*WHAT YOU WILL DO:* Begin at the line that has "วันอังคารที่ ๒๔ พฤศจิกายน", stop after the line that has "여기서 내 지갑에는 2.33983591", and print exactly those lines from the records below, without any pictures.

[[ EXERCISE INPUTS open ]]

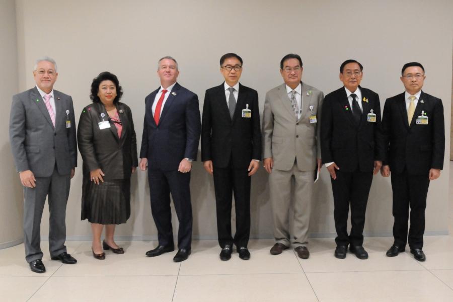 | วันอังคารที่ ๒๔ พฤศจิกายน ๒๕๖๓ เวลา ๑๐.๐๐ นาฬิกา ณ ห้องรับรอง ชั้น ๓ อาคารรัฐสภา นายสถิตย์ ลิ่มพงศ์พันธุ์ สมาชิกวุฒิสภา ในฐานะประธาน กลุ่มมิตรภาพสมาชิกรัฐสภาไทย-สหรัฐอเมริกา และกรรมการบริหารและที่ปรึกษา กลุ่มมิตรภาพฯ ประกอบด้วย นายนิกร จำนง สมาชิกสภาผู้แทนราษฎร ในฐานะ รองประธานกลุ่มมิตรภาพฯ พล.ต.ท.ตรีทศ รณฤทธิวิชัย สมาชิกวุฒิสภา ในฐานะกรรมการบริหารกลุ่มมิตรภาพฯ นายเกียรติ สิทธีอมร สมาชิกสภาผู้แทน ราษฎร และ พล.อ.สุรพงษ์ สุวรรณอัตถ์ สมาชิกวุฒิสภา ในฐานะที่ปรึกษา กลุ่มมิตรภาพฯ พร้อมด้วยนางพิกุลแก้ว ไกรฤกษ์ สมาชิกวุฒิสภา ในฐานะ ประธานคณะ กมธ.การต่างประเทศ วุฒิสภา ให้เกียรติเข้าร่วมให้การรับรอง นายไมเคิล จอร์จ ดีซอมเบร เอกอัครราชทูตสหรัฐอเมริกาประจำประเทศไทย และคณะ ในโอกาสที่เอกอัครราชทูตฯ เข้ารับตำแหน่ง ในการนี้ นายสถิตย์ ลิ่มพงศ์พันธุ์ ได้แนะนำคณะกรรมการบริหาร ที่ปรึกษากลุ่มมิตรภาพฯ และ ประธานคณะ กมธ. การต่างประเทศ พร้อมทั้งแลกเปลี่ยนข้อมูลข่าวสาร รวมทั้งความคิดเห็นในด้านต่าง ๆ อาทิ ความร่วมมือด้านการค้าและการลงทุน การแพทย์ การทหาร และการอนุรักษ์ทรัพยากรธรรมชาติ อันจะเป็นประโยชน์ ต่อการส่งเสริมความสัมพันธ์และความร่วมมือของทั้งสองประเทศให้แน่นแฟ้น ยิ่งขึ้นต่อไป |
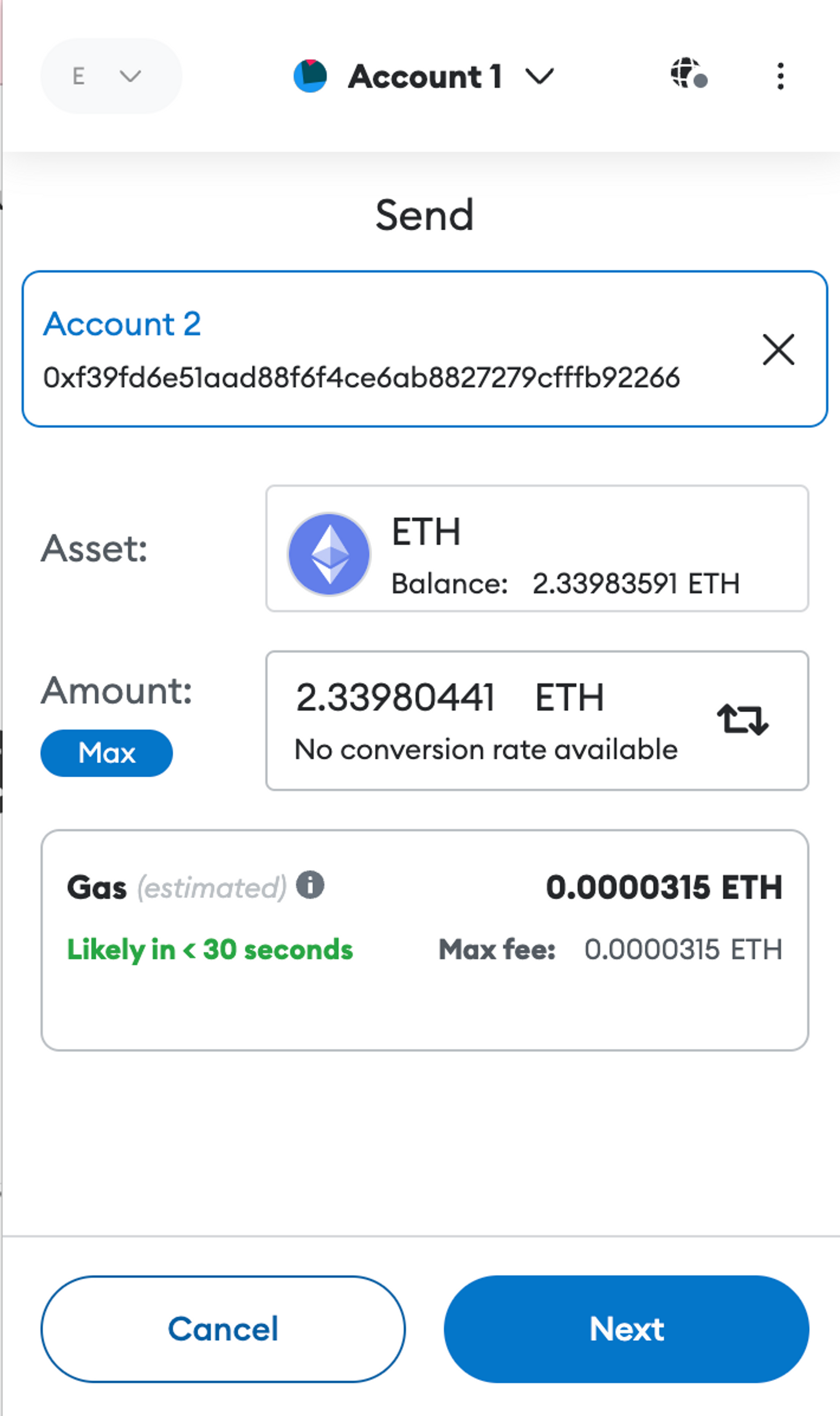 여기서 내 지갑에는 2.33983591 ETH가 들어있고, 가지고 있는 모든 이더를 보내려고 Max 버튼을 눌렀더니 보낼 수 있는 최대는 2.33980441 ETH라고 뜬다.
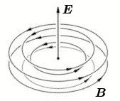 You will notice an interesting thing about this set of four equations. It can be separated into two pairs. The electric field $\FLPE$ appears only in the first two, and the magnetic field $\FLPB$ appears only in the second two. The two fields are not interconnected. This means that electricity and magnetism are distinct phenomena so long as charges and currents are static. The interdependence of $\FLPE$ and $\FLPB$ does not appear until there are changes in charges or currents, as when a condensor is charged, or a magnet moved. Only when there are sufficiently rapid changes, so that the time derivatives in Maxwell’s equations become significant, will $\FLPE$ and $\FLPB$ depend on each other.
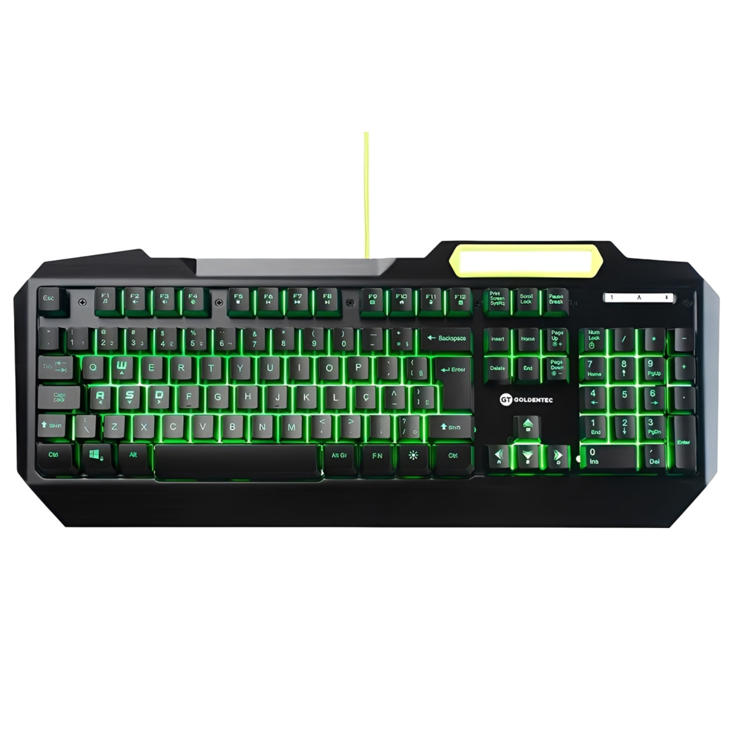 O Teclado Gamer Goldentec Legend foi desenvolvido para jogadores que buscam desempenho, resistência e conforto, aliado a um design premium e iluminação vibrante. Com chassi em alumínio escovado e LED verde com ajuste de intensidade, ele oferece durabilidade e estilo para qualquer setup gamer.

[[ EXERCISE INPUTS closed ]]
[[ EXERCISE INPUTS open ]]

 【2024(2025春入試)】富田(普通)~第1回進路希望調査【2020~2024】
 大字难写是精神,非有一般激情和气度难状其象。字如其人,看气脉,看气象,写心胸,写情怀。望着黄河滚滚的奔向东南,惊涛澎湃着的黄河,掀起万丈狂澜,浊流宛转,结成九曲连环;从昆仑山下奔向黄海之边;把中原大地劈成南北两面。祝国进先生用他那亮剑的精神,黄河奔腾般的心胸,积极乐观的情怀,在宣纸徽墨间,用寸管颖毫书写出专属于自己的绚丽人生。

[[ EXERCISE INPUTS closed ]]

*RESULT:*
 | วันอังคารที่ ๒๔ พฤศจิกายน ๒๕๖๓ เวลา ๑๐.๐๐ นาฬิกา ณ ห้องรับรอง ชั้น ๓ อาคารรัฐสภา นายสถิตย์ ลิ่มพงศ์พันธุ์ สมาชิกวุฒิสภา ในฐานะประธาน กลุ่มมิตรภาพสมาชิกรัฐสภาไทย-สหรัฐอเมริกา และกรรมการบริหารและที่ปรึกษา กลุ่มมิตรภาพฯ ประกอบด้วย นายนิกร จำนง สมาชิกสภาผู้แทนราษฎร ในฐานะ รองประธานกลุ่มมิตรภาพฯ พล.ต.ท.ตรีทศ รณฤทธิวิชัย สมาชิกวุฒิสภา ในฐานะกรรมการบริหารกลุ่มมิตรภาพฯ นายเกียรติ สิทธีอมร สมาชิกสภาผู้แทน ราษฎร และ พล.อ.สุรพงษ์ สุวรรณอัตถ์ สมาชิกวุฒิสภา ในฐานะที่ปรึกษา กลุ่มมิตรภาพฯ พร้อมด้วยนางพิกุลแก้ว ไกรฤกษ์ สมาชิกวุฒิสภา ในฐานะ ประธานคณะ กมธ.การต่างประเทศ วุฒิสภา ให้เกียรติเข้าร่วมให้การรับรอง นายไมเคิล จอร์จ ดีซอมเบร เอกอัครราชทูตสหรัฐอเมริกาประจำประเทศไทย และคณะ ในโอกาสที่เอกอัครราชทูตฯ เข้ารับตำแหน่ง ในการนี้ นายสถิตย์ ลิ่มพงศ์พันธุ์ ได้แนะนำคณะกรรมการบริหาร ที่ปรึกษากลุ่มมิตรภาพฯ และ ประธานคณะ กมธ. การต่างประเทศ พร้อมทั้งแลกเปลี่ยนข้อมูลข่าวสาร รวมทั้งความคิดเห็นในด้านต่าง ๆ อาทิ ความร่วมมือด้านการค้าและการลงทุน การแพทย์ การทหาร และการอนุรักษ์ทรัพยากรธรรมชาติ อันจะเป็นประโยชน์ ต่อการส่งเสริมความสัมพันธ์และความร่วมมือของทั้งสองประเทศให้แน่นแฟ้น ยิ่งขึ้นต่อไป |
 여기서 내 지갑에는 2.33983591 ETH가 들어있고, 가지고 있는 모든 이더를 보내려고 Max 버튼을 눌렀더니 보낼 수 있는 최대는 2.33980441 ETH라고 뜬다.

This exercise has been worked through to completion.